So thundered Henry in the Virginia convention. (3 Ell. Deb. 446.)
“To encourage us to adopt it, they tell us that there is a plain, easy way of getting amendments. When I come to contemplate this part, I suppose that I am mad, or that my countrymen are so. The way to amendment is, in my conception, shut. Let us consider this plain, easy way.” Then follows the verbatim statement of the Madison Fifth Article as proposed from Philadelphia. “Hence it appears that three fourths of the states must ultimately agree to any amendments that may be necessary. Let us consider the consequence of this. However uncharitable it may appear, yet I must tell my opinion—that the most unworthy characters may get into power and prevent the introduction of amendments. Let us suppose—for the case is supposable, possible, and probable—that you happen to deal those powers to unworthy hands; will they relinquish powers already in their possession, or agree to amendments? Two thirds of the Congress, or of the state legislatures, are necessary even to propose amendments.... To suppose that so large a number as three fourths of the states will concur is to suppose that they will possess genius, intelligence, and integrity, approaching to miraculous. It would indeed be miraculous that they should concur in the same amendments, or even in such as would bear some likeness to one another; for four of the smallest states, that do not collectively contain one tenth part of the population of the United States, may obstruct the most salutary and necessary amendments. Nay, in these four states, six tenths of the people may reject these amendments.... So that we may fairly and justly conclude that one twentieth part of the American people may prevent the removal of the most grievous inconveniences and oppression, by refusing to accede to amendments. A trifling minority may reject the most salutary amendments. Is this an easy mode of securing the public liberty? It is, sir, a most fearful situation, when the most contemptible minority can prevent the alteration of the most oppressive government; for it may, in many respects, prove to be such.” (3 Ell. Deb. 48.)
So thundered Henry against the weakness of the Madison procedure in which only by proposal from governments could there be constitutionally evoked the exclusive ability of the citizens of America to dictate how much power to interfere with individual freedom should be left for the citizens of each state to use in governing themselves, and how much power of that kind should be retained by the individual people of America themselves. Henry was opposing a Constitution in which the individual people of America were dictating that their general government, the Congress, should have only the enumerated powers of that kind which are in the First Article. In it, they were dictating that each state government, except as the American people forbade it, should have just so much of that kind of power as the citizens of that particular state should grant that government. And in it, they were dictating that the people of America themselves, the most important factor and reservee of the Tenth Amendment, should retain all other power of that kind to be granted only by themselves, the “conventions” of the Madison Fifth Article. Throughout all his thunder against that Constitution, Henry, like every other opponent of that Constitution, never questioned that this was the exact distribution of power to interfere with individual freedom which was dictated in the Constitution. His only complaint, and their only complaint, was that the Madison Fifth Article, because its constitutional procedure could only be evoked by a proposal from governments, was no protection to human liberty against the granted power of that kind in the First Article. The absurd thought of our modern “constitutional” thinkers (contradicting the plain statement of the Tenth Amendment and contradicting everything that was said in the “conventions” that made the Fifth Article) is that the Article itself is a “grant” of omnipotent power to governments (the legislative governments of the states) to interfere with individual freedom. When we contrast the knowledge of Henry and his colleagues with the modern absurdity, we echo Henry’s words and exclaim, “We suppose that we are mad, or that our modern constitutional thinkers are so.” If Henry had read into that Fifth Article, if the opponents of the proposed Constitution had read into it, any “grant” of ability to state governments, certainly it was an absurdity for him to refer to
those governments as “weakened, prostrated, enervated” by the proposed Constitution.

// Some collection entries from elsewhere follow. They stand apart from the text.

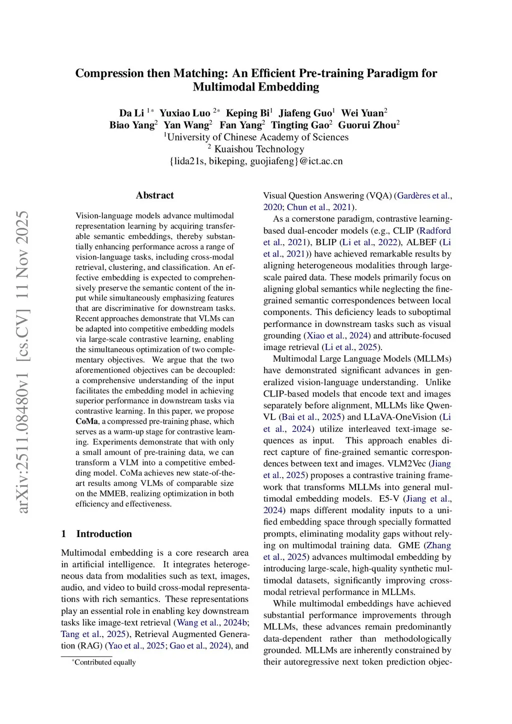 Compression then Matching: An Efficient Pre-training Paradigm for Multimodal Embedding
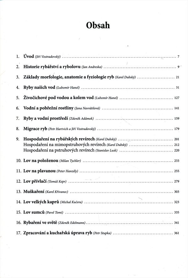 Obsáhlá monografie seznamuje s historií našeho rybářství, rybami, vyskytujícími se na našem území, správou hospodářských revírů a metodami lovu ryb (i ve světě).
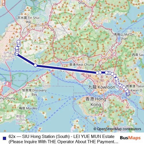 Click here to view the nearest 62x - SIU Hong Station (South) - LEI YUE MUN Estate (Please Inquire With THE Operator About THE Payment Arrangement OF THE TWO-WAY Fare ON This Route.) bus stop.
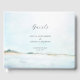 Un livre d'invités de mariage simple et élégant, avec une aquarelle représentant un rivage sauvage. Un beau choix pour un mariage à la plage ou une réception à la plage, un mariage côtier.
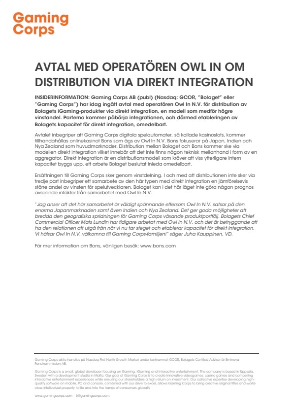 INSIDERINFORMATION: Gaming Corps AB (publ) (Nasdaq: GCOR, ”Bolaget” eller ”Gaming Corps”) har idag ingått avtal med operatören Owl In N.V. för distribution av Bolagets iGaming-produkter via direkt integration, en modell som medför högre vinstandel. Parterna kommer påbörja integrationen, och därmed etableringen av Bolagets kapacitet för direkt integration, omedelbart.

And so, educated in the experience of those Americans who assembled in those “conventions” named in the Seventh and Fifth Articles, we sit with them in the conventions of that earlier day and read that Fifth Article with them, while they decide to make it with the six other Articles. Living through their experience, like them we have become “a people better acquainted with the science of government than any other people in the world,” so far as government is intended to secure individual liberty and happiness. When we sit with them, we intend not to forget, as they never did forget in those conventions, that this was the sole purpose of the Constitution they considered and made, the purpose of securing individual liberty and happiness. In this respect, they differed in their whole philosophy of government with the new school of thought that, in our day, has its different manifestations of exactly the same philosophy of government on the part of the Bolshevik in Russia and the minority in America which has dictated that government enactment of the new constitution of government, known as the Eighteenth Amendment.

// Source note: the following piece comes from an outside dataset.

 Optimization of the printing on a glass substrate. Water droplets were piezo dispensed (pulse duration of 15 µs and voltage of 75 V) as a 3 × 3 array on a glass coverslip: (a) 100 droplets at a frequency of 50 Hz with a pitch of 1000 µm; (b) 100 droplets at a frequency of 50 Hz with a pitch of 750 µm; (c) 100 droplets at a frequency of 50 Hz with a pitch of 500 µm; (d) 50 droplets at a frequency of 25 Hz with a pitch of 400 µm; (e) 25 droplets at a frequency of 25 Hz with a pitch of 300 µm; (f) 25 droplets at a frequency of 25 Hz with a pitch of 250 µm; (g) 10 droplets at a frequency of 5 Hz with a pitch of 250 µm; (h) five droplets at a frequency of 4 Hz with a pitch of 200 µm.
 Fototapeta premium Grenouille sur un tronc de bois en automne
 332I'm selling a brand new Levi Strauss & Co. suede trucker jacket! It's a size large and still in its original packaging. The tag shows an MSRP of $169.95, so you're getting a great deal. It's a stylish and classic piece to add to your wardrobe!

The Americans of ’76 and ’87 set the individual liberty and freedom of man above everything in this world except the Divine Will of the Creator of man. In the Preamble of their Constitution, they echo the declarations of their Statute of ’76. Their creed was that the laws of right and wrong are immutable; that the Creator made the individual man and granted human freedom to him; that such freedom is inherently subject only to the Divine Will, the immutable law of right and wrong, but that it may voluntarily become subject, by the will of the individual man, to the exercise of powers of interference which only he and his fellow men themselves can ever validly grant to government.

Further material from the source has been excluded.